Table 3. Output of an experiment with High/Low settings for 6 factors Rows A B C D E F G H J K L Response 1. 1 -1 1 -1 -1 -1 1 1 1 -1 1 80.8 2. 1 1 -1 1 -1 -1 -1 1 1 1 -1 38.8 3. -1 1 1 -1 1 -1 -1 -1 1 1 1 31.6 4. 1 -1 1 1 -1 1 -1 -1 -1 1 1 116.0 5. 1 1 -1 1 1 -1 1 -1 -1 -1 1 38.1 6. 1 1 1 -1 1 1 -1 1 -1 -1 -1 102.5 7. -1 1 1 1 -1 1 1 -1 1 -1 -1 62.5 8. -1 -1 1 1 1 -1 1 1 -1 1 -1 60.3 9. -1 -1 -1 1 1 1 -1 1 1 -1 1 68.7 10. 1 -1 -1 -1 1 1 1 -1 1 1 -1 120.4 11. -1 1 -1 -1 -1 1 1 1 -1 1 1 49.7 12. -1 -1 -1 -1 -1 -1 -1 -1 -1 -1 -1 47.2
(i) Use the Box-Meyer program on the Math420 Web site to find the most likely choice of active factors for the data in Table 3. Analyze all 11 factors in Table 3 together as a control for the 6 factors whose values were actually varied in the data. Recall that one of the advantages of the screens based on the F-statistic and on the Bayesian-model-posterior-probabilities is that they are valid across different model sizes. (That is, 2^1, 2^2, and 2^3 models can be sorted together.) Which submodel has the highest F-statistic? Is it unique? Which submodel has the highest Bayesian posterior probability for submodels? Is it unique? What individual factors (not submodels) have the highest Bayesian posterior probabilities of being active?
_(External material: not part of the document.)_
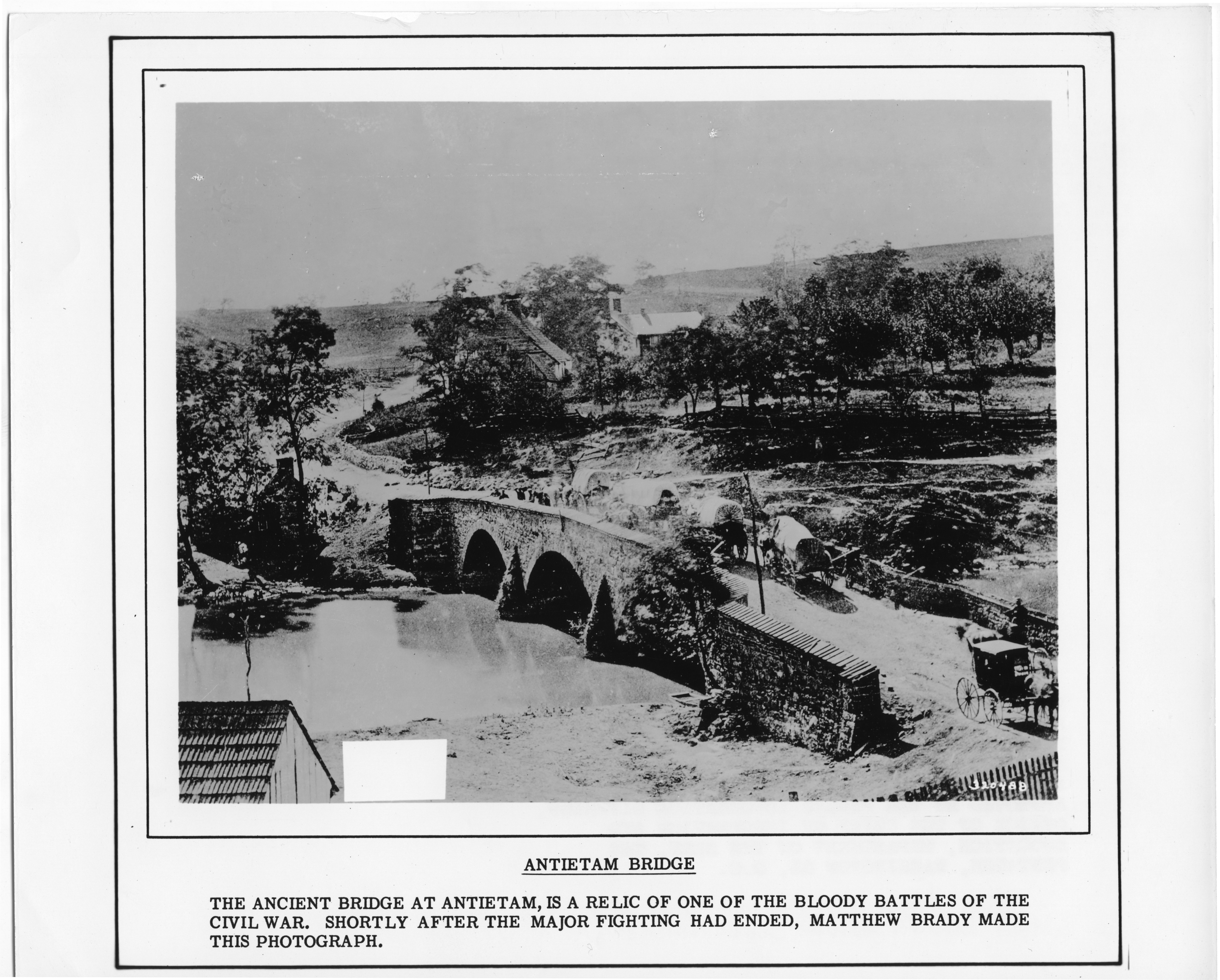 U.S. Army Photograph 320488 Caption: The ancient bridge at Antietam is a relic of one of the bloody battles of the civil war. Shortly after the major fighting had ended, Matthew Brady made this photograph.
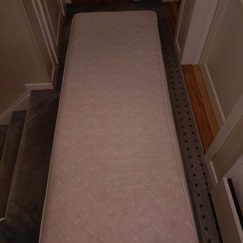 Overmadrass brukt på sovesofa selges grunnet behov for nytt barnerom og sovesofaen ryker. Madrassen har kun vært brukt sammen med tisselaken som beskyttelse og er tilsynelatende "ubrukt".

(ii) The Box-Meyer program uses model prior probabilities that depend on two parameters: pi, which is the prior probability that any particular factor is active independently of the other factors, and gamma, which is a function of the estimated selection coefficient of active factors to inert factors. The default settings of the program at pi=0.25 and gamma=2.50. Are your conclusions from part (i) robust with respect to these parameters? Re-run the program with the settings pi=0.10, pi=0.80, gamma=1.0, and gamma=11.0 (four different choices of settings). Are your conclusions similar to part (i)? Are the factors that are most likely to be active the same?
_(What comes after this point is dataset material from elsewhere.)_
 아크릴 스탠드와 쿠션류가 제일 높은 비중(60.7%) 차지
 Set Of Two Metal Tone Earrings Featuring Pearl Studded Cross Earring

(iii) Assume that the submodel that you identified in part (i) contains the active factors and that all of the other factors are inert. Do a 2^3-like factorial design analysis of the data in Table 3 using these active factors. Which of the main effects in this analysis are significant? Which of the interactions? Find the P-values of the significant effects. Is this consistent with your answers in part (i)? (Warning: Since these factors and their interactions are not orthogonal in the 12-run Plackett-Burman design, do not do a linear regression on the High/Low settings. Instead, treat the three factors as categorical or class variables and do a 3-factor full factorial analysis.)
Problem 4. Assume that the Low/High settings for the data in Table 3 were given by
Table 4. Factors and High/Low settings for the data in Table 3 Factor Low High A 2.0 4.0 B 11.0 13.0 C 15.0 18.0 D Light Dark E Stirred Not stirred F 0.01 0.03The experimenter wants to use the information in Tables 3 and 4 to improve the value of the response variable by changing the settings of the three active factors that were found in Problem 3. The other (inert) factors are fixed at their Low setting.
(i) Find the parameter estimates for all 11 factors in the design and sort them in decreasing order. Do any of the estimates appear to stick out on the high or low side? Are these the active factors that were predicted in Problem 3?
(ii) The experimenter wants to carry out additional runs at 5 additional settings in order to increase the value of the response variable. The values that she predicts at new settings will be the estimated regression equation in part (i), with the intercept and the regression coefficients of active factors rounded to two significant figures, and the regression coefficients of inert factors replaced by zero. What is the equation for the response variable at different values of the factors listed in Table 4 that she predicts? (See Section 12.1 in the text for a similar analysis.)
(iii) In general, the direction of fastest ascent of a function w=f(x,y,z) is given by the gradient of f(x,y,z) at (x,y,z). For example, if w=10+2*x+3*y+4*z, the direction of fastest ascent is the vector (2,3,4). Which is the vector direction of fastest ascent for the linear function in part (ii)? If the value of the first active variable is increased by one, by how much should the second and third active variables be changed to stay on the line of fastest ascent?